All of your Avatars are so good like omgg


----------



## CrazyMario64

Mr_Keroppi said:


> All of your Avatars are so good like omgg


thx


----------



## Mr_Keroppi

Its Keroppi and all of his friends and family! They all live in Donut Pond! You can see our houses! *Now you know why my location is Donut Pond!!!*


----------



## Roxxy

I am lost for words atm  my beautiful and amazingly talented  friend Renn commissioned me this gorgeous pfp from the amazingly talented @Blink. ❤

I feel so blessed, honestly I don’t post many personal things but today has been one of the hardest days in my life.  @jadetine thank you, you have no idea how much this means to me


----------



## xSuperMario64x

I've posted abt this avatar before but it's been one of my favorite screenshots for over a decade (it's a beta screenshot from Paper Mario Sticker Star) and I still love it to this day


----------



## Midoriya

It's Deku Bunny, the hoppiest one of 'em all!  Hehe, Deku Bunny live to serve!!  



Spoiler: full size


----------



## Azzy

Mine is an image I made on picrew of my AC character Azzy =33 
This is the second one I've used a dress-up/character designed for since I've hit a little wall with my artwork >-> 
And I feel like my ACNH pictures don't turn out as well as I'd like them to TT_TT


----------



## Mr_Keroppi

Mr_Keroppi said:


> Keroppi and Teru Teru saw something in the sky?!??!!? WHAT IS IT??!?!?!?!? We will never know because the letters cover it up


Again!


----------



## ZeldaCrossing64

It's Young Link (one of my all-time favorite Links, apart from Toon Link) from TLoZ. ^^
(I honestly have no idea whether it's the one from OoT or MM.)


----------



## BrokenSanity

I've been wanting to draw this for so long and I finally did! I drew Shiny Greninja wearing a white hoodie and jeans with headphones playing a switch and then I decided to draw some pizza since that's my favorite food and a frog since frogs are my favorite animal and I drew my flags with my pronouns in the corner.
R.I.P I forgot to draw Greninja's webbing on it's hands and feet 


Spoiler: Full Size


----------



## Sophie23

Mine is my Acnh Resident


----------



## DerpyOnion

Mine is my character in New Horizons. I made it myself, and think it turned out pretty well!


----------



## ZeldaCrossing64

It's Box Cat from Cat Game, the mobile game that I'm currently obsessing over. It's probably my favorite in-game cat! >w<


----------



## CrazyMario64

KING APOLLO


----------



## Mr_Keroppi

Keroppa and Keroppi are having some nice quality time together! They are going fishing! THEY ARE SO CUTE TOGETHER


----------



## ZeldaCrossing64

It's a custom cat I made on a Cat Game dress-up thing I found online!
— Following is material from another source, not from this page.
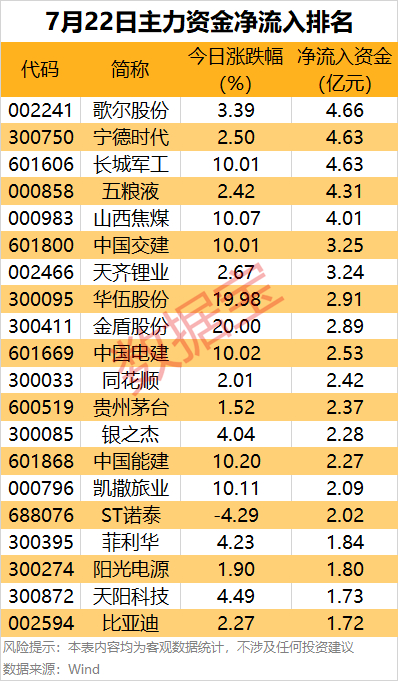 宁德时代、长城军工主力资金均净流入4.63亿元;其中长城军工涨停,净流入额创2018年8月27日以来新高。

						Cat Game - The Cats Dressup! ~ meiker.io
					

Make your own Cat Game Cat using art from Mino Game's very own Cat Game!  Customize your cat, clothes and room.  For more Cat Game visit @ilovecatgame on i...




					meiker.io


----------



## xara

it’s a piece of ‘chibi’ easter bunny celeste art that i made for spring/easter. i’m honestly so proud of how it turned out!


----------



## 22lexi

Mr_Keroppi said:


> Keroppa and Keroppi are having some nice quality time together! They are going fishing! THEY ARE SO CUTE TOGETHER


twin


----------



## Goshi

Mine's currently Snap from Chalkzone, but is probably subject to change soon.

*Edit:* Now it's Johnny Joestar from JJBA, it's been a while since I changed it lol


----------



## Mr_Keroppi

Keroppi is very happy because all of his hard work payed off! He got a 100% A+ on his Math test! I thought this was very fitting because I did the same thing this morning!!!!


----------



## Shiny Shiny Engine

stolen off of tumblr


----------



## Mr_Keroppi

Its Saint Patrick's day so Sanrio friends are having fun!


----------



## Shiny Shiny Engine

im not a brony dont fight me .w.


----------



## randomforeignguy

I was dressed like donnie darko for halloween


----------



## Neprezi

Didn't know what to put as my avatar so I just drew my villager


----------



## Mr_Keroppi

I wont change it again for a few days this time lol!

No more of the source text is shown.